Exercise aim: Beginning with the line that holds "currently housed in" in the data below, give again every line through the one that holds "4047 ORLAN-M SPACE", exactly as written.

-------- Record set --------

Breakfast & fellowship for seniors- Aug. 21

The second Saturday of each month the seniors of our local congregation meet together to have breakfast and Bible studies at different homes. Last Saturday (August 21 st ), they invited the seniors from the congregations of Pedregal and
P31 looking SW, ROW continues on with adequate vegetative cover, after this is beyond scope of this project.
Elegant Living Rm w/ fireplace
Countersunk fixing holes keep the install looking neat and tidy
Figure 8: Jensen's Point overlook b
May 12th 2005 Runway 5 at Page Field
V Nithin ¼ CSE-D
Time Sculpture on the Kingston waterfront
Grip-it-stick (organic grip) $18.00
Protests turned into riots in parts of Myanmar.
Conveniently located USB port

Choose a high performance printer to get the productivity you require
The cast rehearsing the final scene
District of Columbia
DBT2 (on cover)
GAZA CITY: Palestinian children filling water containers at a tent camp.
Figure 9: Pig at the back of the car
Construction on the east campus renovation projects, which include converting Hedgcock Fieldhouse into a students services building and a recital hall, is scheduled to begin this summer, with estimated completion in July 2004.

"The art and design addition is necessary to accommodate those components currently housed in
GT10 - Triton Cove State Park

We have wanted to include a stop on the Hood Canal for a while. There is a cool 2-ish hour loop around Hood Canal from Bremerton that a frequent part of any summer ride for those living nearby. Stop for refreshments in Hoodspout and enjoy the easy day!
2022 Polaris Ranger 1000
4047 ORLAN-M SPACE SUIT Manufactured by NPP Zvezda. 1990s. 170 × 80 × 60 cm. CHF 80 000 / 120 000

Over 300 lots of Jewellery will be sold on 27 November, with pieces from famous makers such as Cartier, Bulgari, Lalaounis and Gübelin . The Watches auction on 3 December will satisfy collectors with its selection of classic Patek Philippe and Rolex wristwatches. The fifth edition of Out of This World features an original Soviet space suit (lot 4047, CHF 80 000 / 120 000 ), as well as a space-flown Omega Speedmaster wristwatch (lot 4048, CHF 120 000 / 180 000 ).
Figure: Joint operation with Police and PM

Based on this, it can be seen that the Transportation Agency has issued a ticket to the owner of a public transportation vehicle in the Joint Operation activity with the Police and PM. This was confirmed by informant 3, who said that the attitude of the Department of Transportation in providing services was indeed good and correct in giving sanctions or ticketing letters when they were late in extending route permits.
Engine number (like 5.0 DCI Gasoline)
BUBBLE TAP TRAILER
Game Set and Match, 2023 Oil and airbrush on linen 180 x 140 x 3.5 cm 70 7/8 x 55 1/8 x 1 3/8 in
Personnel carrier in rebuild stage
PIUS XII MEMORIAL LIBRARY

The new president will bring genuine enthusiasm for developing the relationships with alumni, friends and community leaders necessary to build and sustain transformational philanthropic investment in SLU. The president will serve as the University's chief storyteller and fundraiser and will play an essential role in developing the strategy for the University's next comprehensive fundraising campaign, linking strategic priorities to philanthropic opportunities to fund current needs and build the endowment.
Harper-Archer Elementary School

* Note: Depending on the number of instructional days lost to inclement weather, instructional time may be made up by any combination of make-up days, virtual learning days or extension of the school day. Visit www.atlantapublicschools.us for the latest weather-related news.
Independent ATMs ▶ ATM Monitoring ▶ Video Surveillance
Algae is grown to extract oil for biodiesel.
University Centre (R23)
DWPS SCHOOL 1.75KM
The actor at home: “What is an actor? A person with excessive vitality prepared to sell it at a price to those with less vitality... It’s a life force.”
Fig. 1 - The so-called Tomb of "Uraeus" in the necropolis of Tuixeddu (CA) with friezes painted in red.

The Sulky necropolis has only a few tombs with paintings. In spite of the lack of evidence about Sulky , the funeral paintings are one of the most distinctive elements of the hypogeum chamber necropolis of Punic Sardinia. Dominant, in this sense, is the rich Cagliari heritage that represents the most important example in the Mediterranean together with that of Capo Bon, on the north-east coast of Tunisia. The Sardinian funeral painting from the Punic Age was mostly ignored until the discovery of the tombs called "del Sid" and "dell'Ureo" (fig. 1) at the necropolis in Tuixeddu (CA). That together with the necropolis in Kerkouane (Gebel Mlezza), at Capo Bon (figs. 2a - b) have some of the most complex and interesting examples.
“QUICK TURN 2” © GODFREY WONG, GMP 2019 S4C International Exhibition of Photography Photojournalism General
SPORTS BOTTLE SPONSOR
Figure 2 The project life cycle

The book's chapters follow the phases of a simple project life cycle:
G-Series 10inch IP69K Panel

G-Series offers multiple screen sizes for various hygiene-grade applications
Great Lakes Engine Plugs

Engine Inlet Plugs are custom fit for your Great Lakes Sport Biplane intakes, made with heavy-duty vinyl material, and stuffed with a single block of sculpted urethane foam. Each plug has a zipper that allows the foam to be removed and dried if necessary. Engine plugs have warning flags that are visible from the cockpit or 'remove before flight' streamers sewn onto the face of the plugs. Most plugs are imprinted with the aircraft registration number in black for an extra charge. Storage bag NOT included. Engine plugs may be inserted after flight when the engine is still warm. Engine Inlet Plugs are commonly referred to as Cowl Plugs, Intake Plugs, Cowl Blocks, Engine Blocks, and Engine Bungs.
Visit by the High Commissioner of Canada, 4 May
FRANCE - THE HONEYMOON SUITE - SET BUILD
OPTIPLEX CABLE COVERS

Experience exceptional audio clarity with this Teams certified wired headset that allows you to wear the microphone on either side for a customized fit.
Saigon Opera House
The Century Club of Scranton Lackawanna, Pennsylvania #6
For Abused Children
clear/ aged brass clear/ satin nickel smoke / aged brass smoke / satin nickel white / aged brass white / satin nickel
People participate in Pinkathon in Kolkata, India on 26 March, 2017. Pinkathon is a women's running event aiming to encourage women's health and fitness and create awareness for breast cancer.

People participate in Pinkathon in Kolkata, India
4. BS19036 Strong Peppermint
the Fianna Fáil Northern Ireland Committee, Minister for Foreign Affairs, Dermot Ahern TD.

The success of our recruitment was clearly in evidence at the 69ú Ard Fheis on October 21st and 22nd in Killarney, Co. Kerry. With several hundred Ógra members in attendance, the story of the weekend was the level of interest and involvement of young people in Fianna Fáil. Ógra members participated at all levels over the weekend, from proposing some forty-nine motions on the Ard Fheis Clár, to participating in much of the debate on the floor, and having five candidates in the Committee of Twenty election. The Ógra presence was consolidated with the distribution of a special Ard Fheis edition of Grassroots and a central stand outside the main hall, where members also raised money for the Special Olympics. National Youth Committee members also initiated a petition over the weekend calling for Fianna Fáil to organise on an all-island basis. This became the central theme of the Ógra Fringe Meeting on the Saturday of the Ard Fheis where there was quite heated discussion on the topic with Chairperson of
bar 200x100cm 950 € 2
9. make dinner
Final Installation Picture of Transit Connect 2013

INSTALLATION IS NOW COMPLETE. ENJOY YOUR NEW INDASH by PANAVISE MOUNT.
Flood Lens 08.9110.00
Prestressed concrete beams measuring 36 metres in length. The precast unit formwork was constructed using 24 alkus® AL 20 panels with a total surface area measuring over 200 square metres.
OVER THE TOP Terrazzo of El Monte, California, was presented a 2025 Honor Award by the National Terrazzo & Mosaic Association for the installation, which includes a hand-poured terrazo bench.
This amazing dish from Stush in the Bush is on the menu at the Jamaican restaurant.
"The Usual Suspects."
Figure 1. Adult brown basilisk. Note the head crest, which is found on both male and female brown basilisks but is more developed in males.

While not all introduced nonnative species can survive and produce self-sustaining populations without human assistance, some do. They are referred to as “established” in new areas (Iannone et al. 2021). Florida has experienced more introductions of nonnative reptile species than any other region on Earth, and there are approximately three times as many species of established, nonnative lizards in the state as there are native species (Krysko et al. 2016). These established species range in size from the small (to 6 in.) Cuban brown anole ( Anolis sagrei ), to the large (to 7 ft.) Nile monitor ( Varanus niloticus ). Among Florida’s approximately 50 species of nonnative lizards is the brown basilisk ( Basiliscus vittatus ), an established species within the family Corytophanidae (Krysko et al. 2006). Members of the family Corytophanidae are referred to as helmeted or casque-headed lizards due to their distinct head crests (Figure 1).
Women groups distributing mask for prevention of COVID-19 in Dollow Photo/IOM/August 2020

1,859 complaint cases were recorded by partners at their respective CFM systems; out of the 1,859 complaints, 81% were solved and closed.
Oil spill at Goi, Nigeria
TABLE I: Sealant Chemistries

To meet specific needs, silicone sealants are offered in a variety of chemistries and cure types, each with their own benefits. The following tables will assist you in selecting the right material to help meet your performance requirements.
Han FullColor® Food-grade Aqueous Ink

--------

Task solution:
"The art and design addition is necessary to accommodate those components currently housed in
GT10 - Triton Cove State Park

We have wanted to include a stop on the Hood Canal for a while. There is a cool 2-ish hour loop around Hood Canal from Bremerton that a frequent part of any summer ride for those living nearby. Stop for refreshments in Hoodspout and enjoy the easy day!
2022 Polaris Ranger 1000
4047 ORLAN-M SPACE SUIT Manufactured by NPP Zvezda. 1990s. 170 × 80 × 60 cm. CHF 80 000 / 120 000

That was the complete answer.